Meitu has more business lines, and each business line is widely used in data, and the overall user scale is relatively large, all of the above factors, we must build a corresponding data platform, to drive the growth of these businesses, more efficient use of data.
Overall architecture of Meitu Data platform
Figure 2 shows the overall architecture of our data platform. In the data collection part, we built a collection server log system Arachnia, which supports the client SDK integrated by each APP and is responsible for collecting app client data. There is also data integration based on DataX (import and export); The Mor crawler platform supports the development of configurable tasks for crawling public network data.
Figure 2
The data storage layer selects different storage solutions based on service characteristics. Currently, HDFS, MongoDB, Hbase, and ES are mainly used. In the data computing part, the current offline computing is mainly based on Hive&MR, the real-time streaming computing is Storm, Flink and another self-developed bitmap system Naix.
In data development, we built a data workshop, data bus distribution, task scheduling and other platforms. Data visualization and application is mainly based on user needs to build A series of data application platform, including: A/B experimental platform, channel promotion tracking platform, data visualization platform, user portrait and so on.
The right side of Figure 2 shows some of the basic services that each component may depend on, including geolocation, metadata management, unique device identification, and so on.
Figure 3 shows the basic data architecture flow diagram. The typical LAMDA architecture starts from the left data source collection. Arachnia and AppSDK respectively report the server and client data to the proxy service collector, and then write the data to Kafka through the parse data protocol. The real-time stream then goes through a layer of data distribution, eventually consuming the Kafka data for real-time computing.
Figure 3
When offline, the ETL service is responsible for dumping data from Kafka to HDFS, and then heterogeneous data sources (such as MySQL, Hbase, etc.) mainly import and export data based on DataX and Sqoop. Finally, data is written to various storage tiers through Hive, Kylin, and Spark. Finally, data is connected to the service system and our own visualization platform through unified external apis.
The phased development of data platform
The construction of enterprise-level data platform is mainly divided into three stages:
-
At the beginning, the free third-party platform was basically used. The feature of this stage was that it could quickly integrate and see some statistical indicators of the app. However, the disadvantage was also obvious: without raw data, other analysis and recommendation could not be realized except for basic indicators provided by the third party. So there’s a process from zero to one that allows us to have our own data to work with;
-
After the data is available, due to the explosion of business lines and demand, it is necessary to improve the development efficiency and let more people participate in the data development and use of the data, instead of being limited to the data research and development personnel. Therefore, it involves opening the data, computing and storage capacity to each business line, rather than holding it in their own hands.
-
After the data is opened, the business side will ask whether the data task can run faster, whether it can be released in seconds, whether it can be more real-time; On the other hand, in order to meet the business needs of the cluster is getting larger and larger, so you start to think about how to meet the business at the same time, to achieve more resources.
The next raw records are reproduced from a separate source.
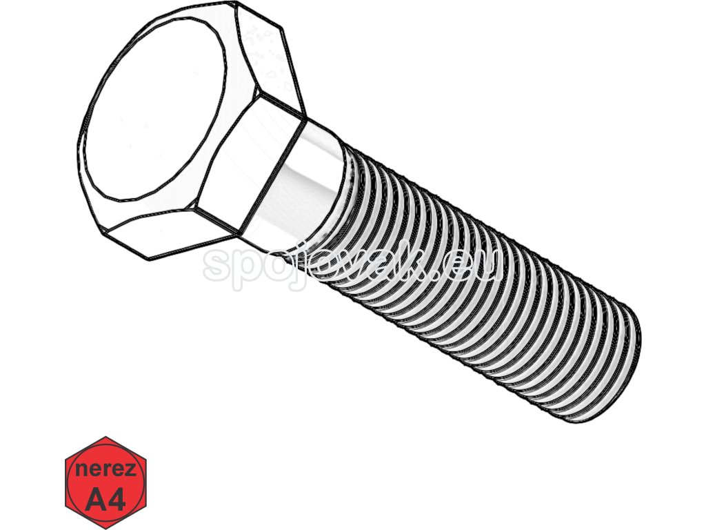 Metrický šroub se šestihrannou hlavou a částečným závitem, z nerezavějící oceli A4.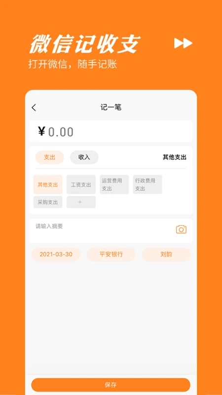 1、APP的記賬首頁右下角橙色的加號按鈕是核心記賬入口,點(diǎn)擊后可進(jìn)入收支錄入界面,幫用戶輕松梳理財務(wù)流水,讓記賬便捷高效,助力清晰掌握個人財務(wù)狀況。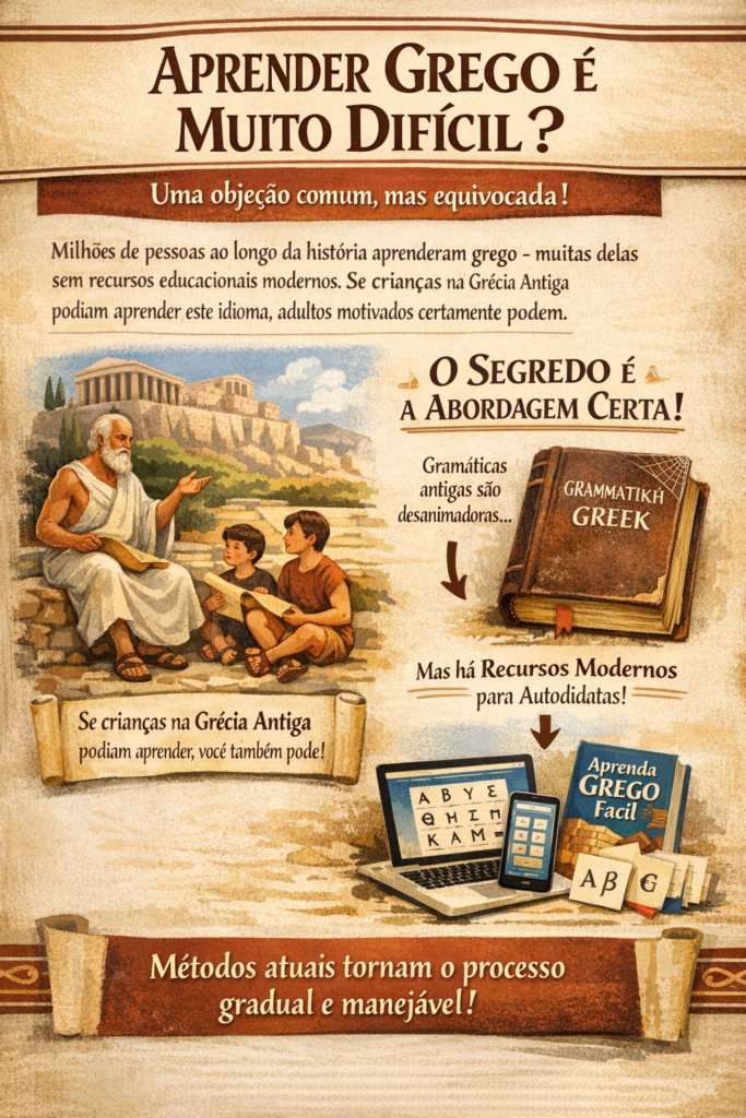 Esta é objeção mais comum, mas fundamentalmente equivocada. Milhões de pessoas ao longo da história aprenderam grego – muitas delas sem recursos educacionais modernos que possuímos hoje. Se crianças na Grécia antiga podiam aprender este idioma, adultos motivados certamente podem.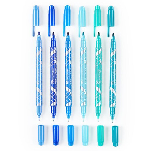- 6 Colorful Ocean Dual Tipped Markers: Cornflower, Sapphire, Navy, Turquoise, Mermaid & Teal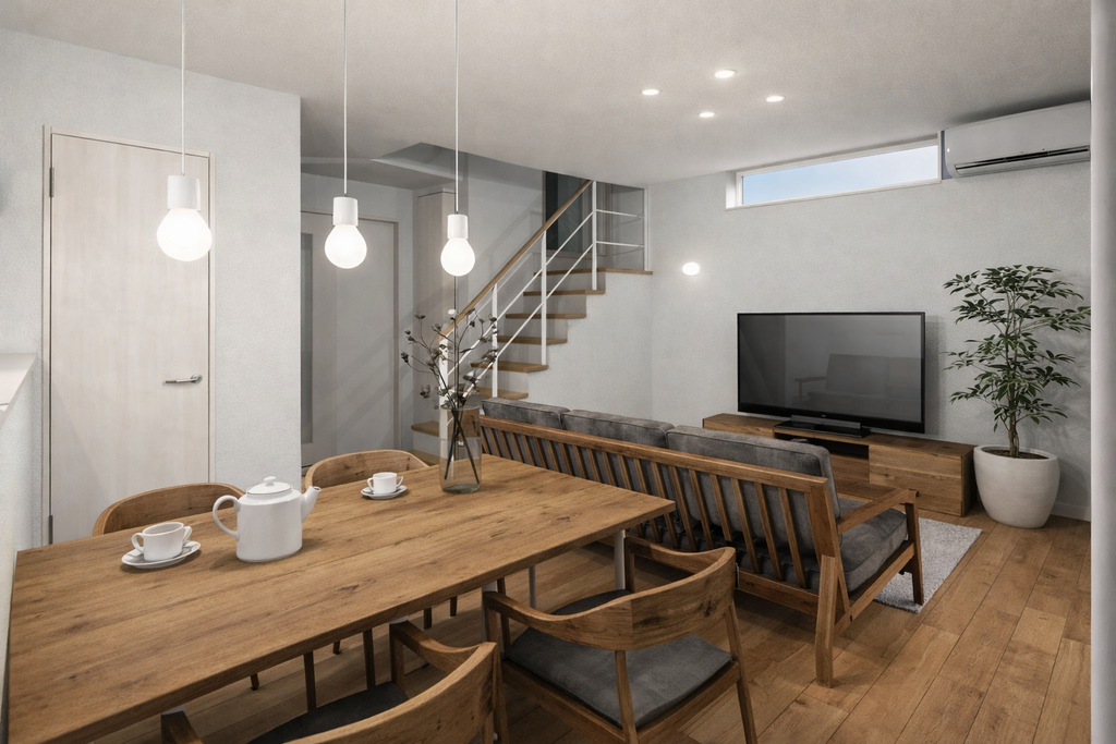 リビングからダイニングまで視線が抜けることで、実際以上の広がりを感じられます。

Meitu is now in the second and third phase of transition. While constantly improving data opening, it also gradually improves the query and analysis efficiency, and starts to consider how to optimize the cost. Next, we will focus on the practice and optimization ideas of our platform in the two stages of 0 to 1 and data opening.
From 0 to 1
From 0 to 1 solve from data collection to the final data available. Figure 4 shows the evolution of data collection, starting with free third-party platforms such as Umeng and Flurry, then quickly using Rsync to synchronize logs to a server for storage and calculation, and then quickly developing a simple Python script to support business servers to report logs. Finally, we developed Arachnia, a log collection system on the server side, and AppSDK on the client side.
Figure 4.
Data collection is the source of data and a relatively important link in the whole data link. More attention should be paid to whether the data is complete, whether the data supports real-time reporting, whether the buried data is standardized and accurate, and the maintenance and management cost. Therefore, our log collection system needs to meet the following requirements:
-
Integrated management and maintenance, including automatic deployment, installation, upgrade, and uninstallation of the Agent, hot change configuration, and delay monitoring;
-
In terms of reliability, at least once;
-
Meitu now has multiple IDC, so it needs to be able to support multiple IDC data collection and summary to the data center.
-
The consumption of resources should be as small as possible and the business should not be affected.
Based on the above requirements, we did not use Flume, Scribe and FluentD, and finally chose to develop a collection system, Arachnia.
Figure 5
Figure 5 is a simple architecture diagram of Arachnia, which is centrally managed through the system brain. The Puppet module is used to aggregate Agent metrics, relay metrics, or configure hot update commands within a single IDC. After installation and startup, the operation and maintenance platform pulls configuration data from the brain and collects and reports data to the collector.
Then look at the practice of Arachnia optimization, first at least once reliability assurance. Many systems use WAL to record the data that fails to be reported and report the data again. Our practice is to remove WAL and add a Coordinator to uniformly distribute and manage TX states.
Figure 6.
Before the data collection, the coordinator sends a TXID. After the source receives the signal, the data collection starts and sends the data to sink to send. After the data is sent, the coordinator ack TX and tells the coordinator that the data is committed. Coordinator will verify and confirm, and then send the commit signal to source and sink to update the status. Finally, after tx, source will update the collection progress to the persistent layer (local file by default). If there are problems in the previous three steps, the data is not sent successfully and the operation is not repeated. If the next four steps fail, the data is repeated and the TX is played back.
Based on the above reliability guarantee at least once, some business parties need to be unique. We support to generate a unique ID for each log. Another major practice in data acquisition systems is to uniquely locate a file and to give each log a unique MsgID so that the business can clean it later in case of log duplication based on the MsgID.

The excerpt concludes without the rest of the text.